_What is needed_
Leave the images aside and repeat the whole listing exactly.

Segment Start: Dataset section

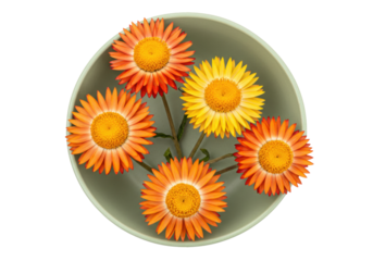 Five colorful everlasting daisy flowers in a bowl isolated, vibrant xeranthemum annuum arrangement in a container for floral design
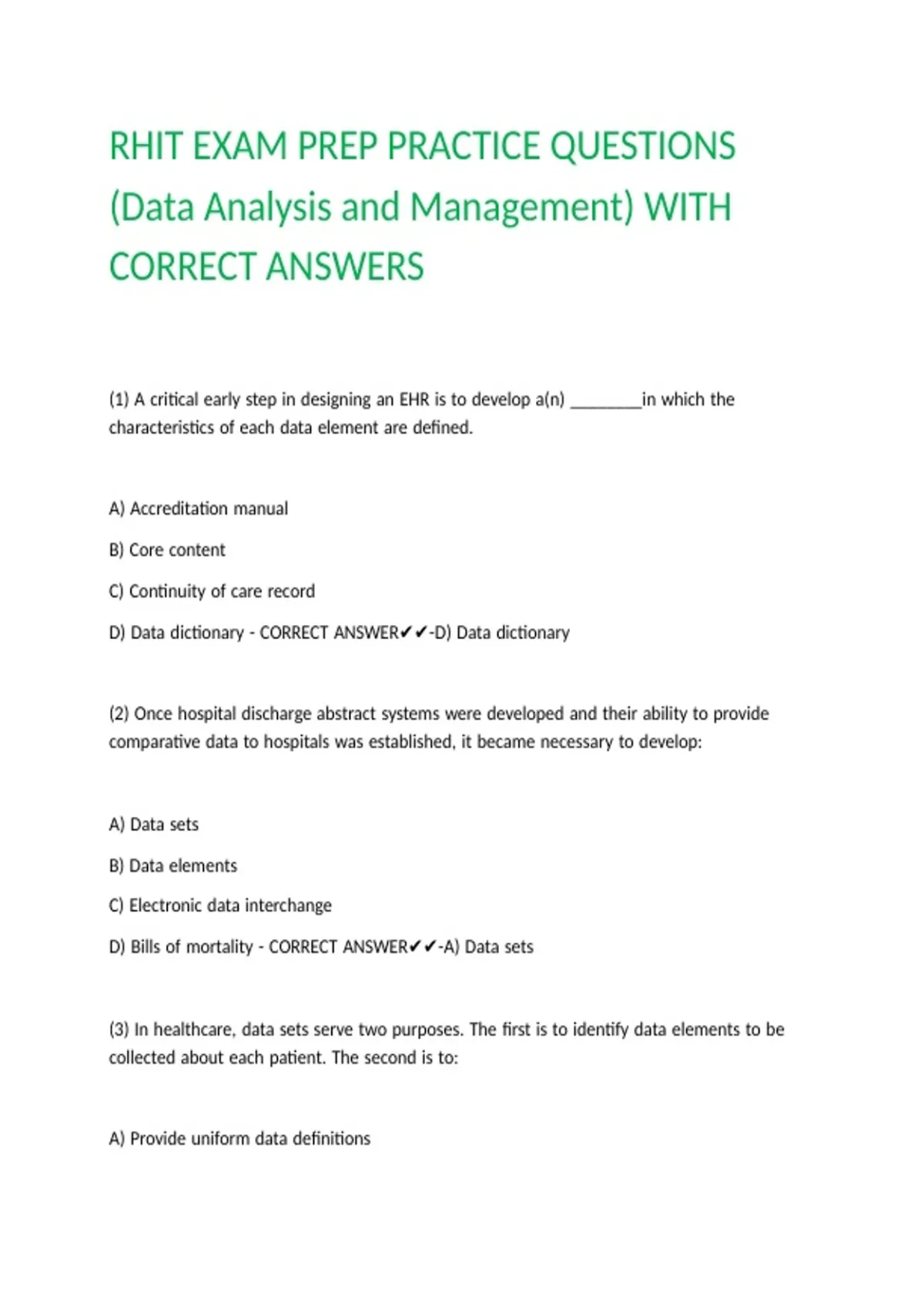 RHIT EXAM PREP PRACTICE QUESTIONS
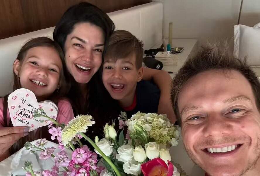 Thais Fersoza completa 41 anos neste domingo (13) e já começou o dia recebendo o carinho do marido, Michel Teló, e dos filhos, Melinda e Teodoro.
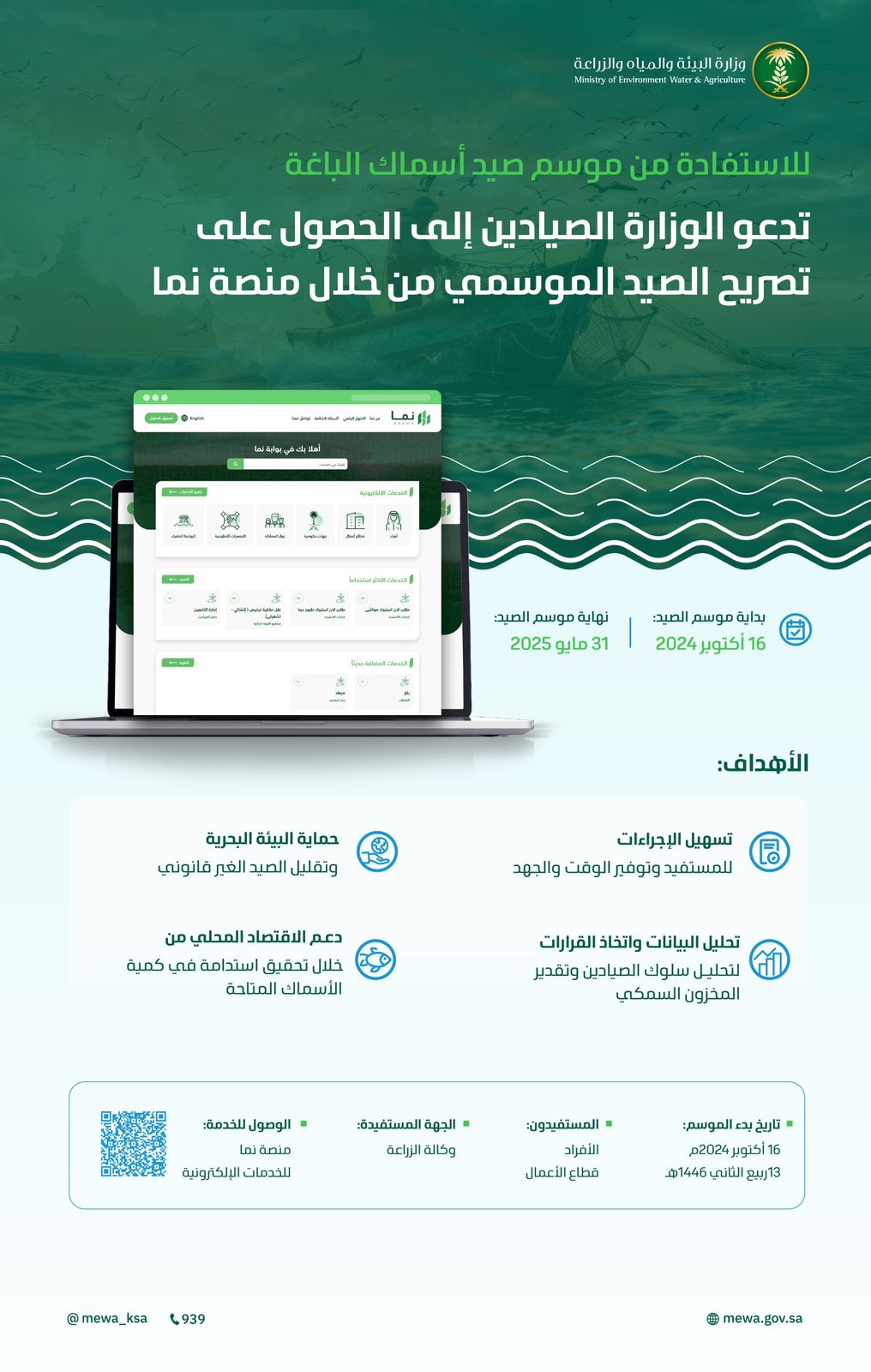 دعت وزارة البيئة والمياه والزراعة جميع الصيادين للاستفادة من موسم صيد أسماك الباغة الذي انطلق في 16 أكتوبر 2024م ويستمر حتى 31 مايو 2025م، وذلك من خلال الحصول على تصريح الصيد الموسمي عبر منصة “نما” التابعة للوزارة.

Segment End: Dataset section

_Output of the task_
 Five colorful everlasting daisy flowers in a bowl isolated, vibrant xeranthemum annuum arrangement in a container for floral design
 RHIT EXAM PREP PRACTICE QUESTIONS
 Thais Fersoza completa 41 anos neste domingo (13) e já começou o dia recebendo o carinho do marido, Michel Teló, e dos filhos, Melinda e Teodoro.
 دعت وزارة البيئة والمياه والزراعة جميع الصيادين للاستفادة من موسم صيد أسماك الباغة الذي انطلق في 16 أكتوبر 2024م ويستمر حتى 31 مايو 2025م، وذلك من خلال الحصول على تصريح الصيد الموسمي عبر منصة “نما” التابعة للوزارة.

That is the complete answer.